Der Kassationshof stellt klar, dass 'Lehrbeauftragte' mit einem Doktortitel in Rechtswissenschaft und fünf Jahren juristischer Lehre von der theoretischen und praktischen Ausbildung zur Rechtsanwaltschaft befreit sind, selbst wenn diese universitäre Funktion heute nicht mehr verliehen wird.

Entscheidungsreferenz: cc • N° 16-21.361 • 2017-07-05 • Entscheidung einsehen →

Stellen Sie sich einen Moment vor: Sie haben Jahre damit verbracht, an der Universität Rechtswissenschaft zu lehren, Hunderte von Studenten auszubilden, einen Doktortitel erworben. Und dann, eines Tages, als Sie Rechtsanwalt werden wollen, wird Ihnen entgegengehalten, dass Ihre Funktion als „Lehrbeauftragter“ in den Texten nicht mehr existiert. Sie wären wütend, oder? Genau das ist Herrn Y. passiert, einem Lehrer aus der Region Mont-de-Marsan, der bis vor den Kassationshof kämpfen musste, um sein Recht auf Befreiung von der Ausbildung anzuerkennen.

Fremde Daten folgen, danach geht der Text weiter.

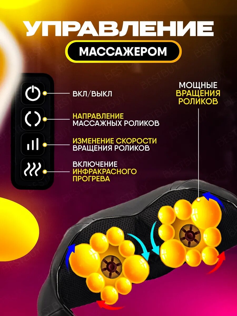 Массажер для плеч, шеи, талии, бедер, живота и ног. Представляем электрический массажер с подогревом для шеи, спины и тела - он идеально подходит для применения на руках, ногах и животе, а так же на все виды мышц благодаря своим многофункциональным характеристикам. Разработанный специально для снятия усталости и комплексного оздоровления. Используйте электрические импульсы для повышения эффективности тренировок и восстановления мышечной силы после нагрузок. Устройство оснащено 16 массажными роликами, 8 узлами и функцией инфракрасного прогрева. Аппарат для массажа оснащен возможностью выбора различных направлений вращения роликов и уровнем интенсивности вибрации, позволяющих индивидуально настроить процесс массажа под себя. Массажер бережно воздействует на мышечные ткани, улучшая кровообращение и способствуя тотальному релаксу. В комплектацию электромассажера входят блок питания для функционирования в домашних или офисных условиях, а также автомобильный адаптер для работы в машине. Вы можете насладиться всеми прелестями электротерапии, даже находясь за рулем автомобиля, ведь прибор оснащен специальным автомобильным адаптером. Сочетает в себе приятную на ощупь экокожу и дышащую нейлоновую сетку для максимального комфорта. Насладитесь преимуществами перкуссионного и вибрационного массажа для эффективного лимфодренажа и борьбы с целлюлитом. Сочетание техники гуаша и миостимуляции поможет вам в полной мере расслабить мышцы, укрепить кожу живота и ягодиц, придав тонус и эластичность. Роллерный аппарат подойдет для кистей рук, икр и стоп ног как виброплатформа. Технология шиацу точно воспроизводит приемы ручного массажа, что делает ее наилучшим средством для облегчения боли в пояснице и избавления от общего напряжения. Все режимы включаются пошагово, что обеспечивает легкость применения вибромассажера, в том числе для взрослых и пожилых бабушек и дедушек. Материал: искусственная кожа. Высота: 10 см. Ширина: 41 см. Длина: 50 см. Мощность: 5 Вт. Особенности: автоматическое отключение, регулировка интенсивности массажа. Комбинированный массажер для тела станет отличным подарком для мамы, папы, бабушки или дедушки. Позвольте себе несколько минут блаженства и почувствуйте, как отступает напряжение! Подарите прекрасный подарок на новый год!

In Biscarrosse wie in Dax sind viele Rechtsprofis noch immer mit den Feinheiten des Zugangs zum Anwaltsberuf nicht vertraut. Diese Entscheidung vom 5. Juli 2017 (Nr. 16-21.361) klärt eine heikle Frage: Was bedeutet genau „Lehrbeauftragter“ im Sinne von Artikel 98, 2° des Dekrets vom 27. November 1991? Und vor allem, kann diese Befreiung von der theoretischen und praktischen Ausbildung heute noch angewendet werden?

Die Antwort ist ja, und sie betrifft direkt alle Doktoren der Rechtswissenschaft, die an der Universität lehren oder gelehrt haben, sei es in Mont-de-Marsan, Dax oder anderswo. Denn hinter diesem juristischen Jargon verbirgt sich eine echte Eintrittspforte zur Anwaltschaft, vorausgesetzt man weiß, sie zu öffnen.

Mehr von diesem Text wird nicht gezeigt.